Missing BOLO!!!!! My best friend Ward Stogdill on SV Bella Dawn is lost at sea between biscayne and Bimini/Bahamas in a 1978 Ta Shing Baba 30 with a wooden mast (has an orange kayak on deck).
Please update the US coast guard with any information. 315-415-6800

https://www.google.com/amp/s/amp.miamiherald.com/news/local/community/florida-keys/article255474896.html


----------



## MarkofSeaLife (Nov 7, 2010)

Good luck! Let's hope he's fine and hunkered down somewhere.


----------



## AmandaColorado (Nov 3, 2021)

He checked into the exumas this morning!!!


----------



## AWT2_Sail (Oct 12, 2021)

What a relief. I’ll bet he has quite a story to tell.


----------



## theologymatt (Dec 11, 2020)

I'm gad. It sounds like it worked out.


----------



## danstanford (Aug 3, 2010)

AmandaColorado said:


> He checked into the exumas this morning!!!


Thanks for reporting back to all the places you posted, it is nice to hear the resolution.


----------



## Lanealoha (Mar 5, 2017)

Im glad hes safe and everyone is at ease. I wonder though, was the gun jumped a bit on this one? Maybe I'm not fully understanding the time line?


----------



## MarkofSeaLife (Nov 7, 2010)

Lanealoha said:


> I wonder though, was the gun jumped a bit on this one? Maybe I'm not fully understanding the time line?


Very difficult to say on any case as tgeres many circumstances we don't know. 

Families at home tend to panic far earlier than those aboard. 

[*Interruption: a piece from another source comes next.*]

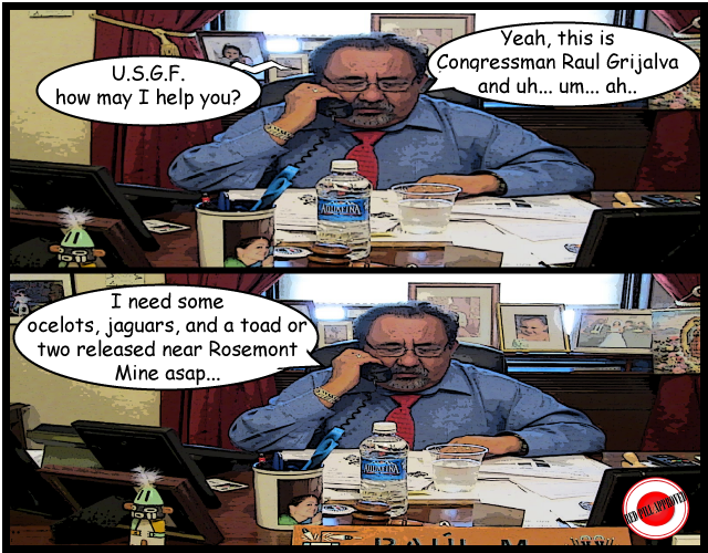 raul-girjalva-environmentalistRaul Grijalva has never seen a mineral project he has liked. This week, the Rosemont Mine located in Southern Arizona was dealt another blow when the federal government discovered that there are animals at the ready to stop the desperately needed jobs the mine would provide to the residents of the 8th poorest metropolitan area in the country. Lions, toads and ocelots… Oh My!

I give my family (and now Marjorie's family) an Overdue Date until which they are not _allowed_ to call the authorities. 

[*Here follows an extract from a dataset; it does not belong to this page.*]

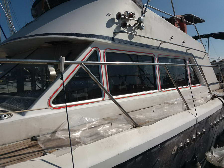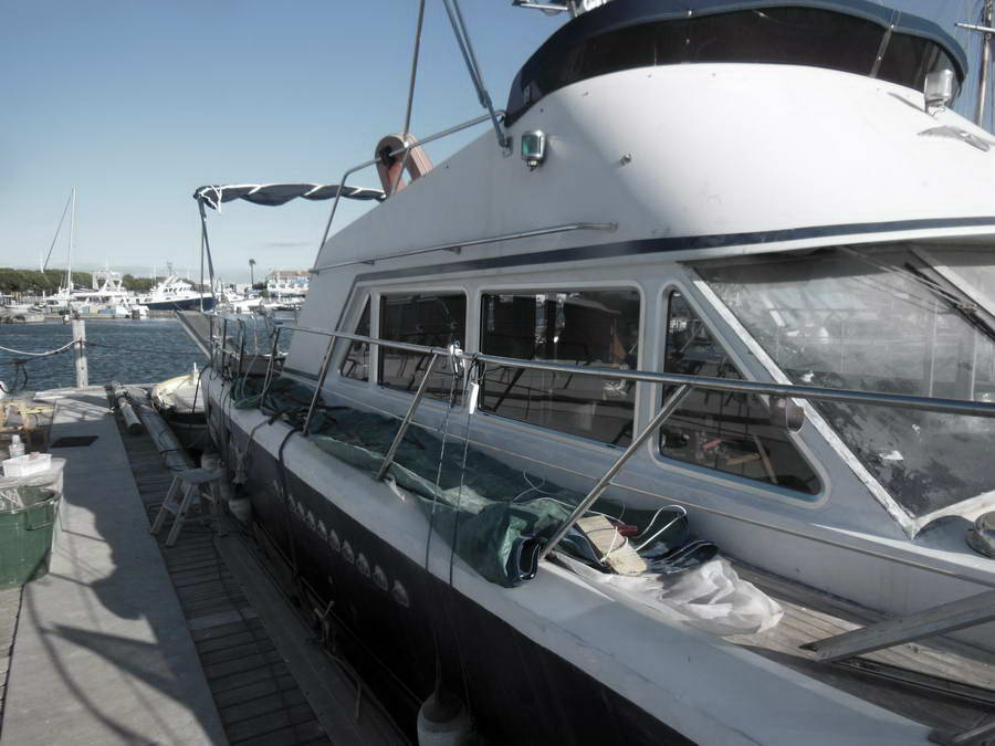 La principale difficulté a été d'adapter les supports de montage aux nouvelles vitres de la "Lady". Les habillages intérieur ont été modifiés. Un petit carénage et là voilà repartie avec une seconde jeunesse.

In our last passage, Marjorie's first passage, her parents saw a reported speed of 7 knots and so calculated we would arrive in 23 days. I said it will be over 30 days but they insisted the whole way it would be 23 days. Eventually it took 37 days. But for satellite emails they would have called the Navy when we were just half way across the Atlantic. 

It's difficult for families. 

In the case of this thread if appears the sailor did not go to Bimini as intended but went to Georgetown direct adding a few days. 

Ahhhh for those freedom days before electronics when a cruiser would arrive when and where he arrived... Or not. 


Mark


----------



## AmandaColorado (Nov 3, 2021)

Lanealoha said:


> Im glad hes safe and everyone is at ease. I wonder though, was the gun jumped a bit on this one? Maybe I'm not fully understanding the time line?


He was blown over 100 miles off course. 

The crossing from Florida to Bimini is a day sail; coast guard was alerted when he was 4 days overdue for a trip that should have got him there by nightfall. 

We may have alerted the coast guard too early but that's what gets us happy endings and I'm glad he's safe. 

CG never found SV Bella Dawn in all their searching; he was spotted by another sailor who informed Ward we were looking for him. 

So, thank you to the sailing community for keeping a sharp eye out. You all are quite amazing.


----------



## Lanealoha (Mar 5, 2017)

Good info. I was just not understanding the time line, now I do! Way to be on it!!


----------



## Sal Paradise (Sep 14, 2012)

Thank you for updating us Amanda - glad to hear your brother is safe and well !! For anyone here like me looking for more info - https://www.miamiherald.com/news/local/community/florida-keys/article255540721.html


----------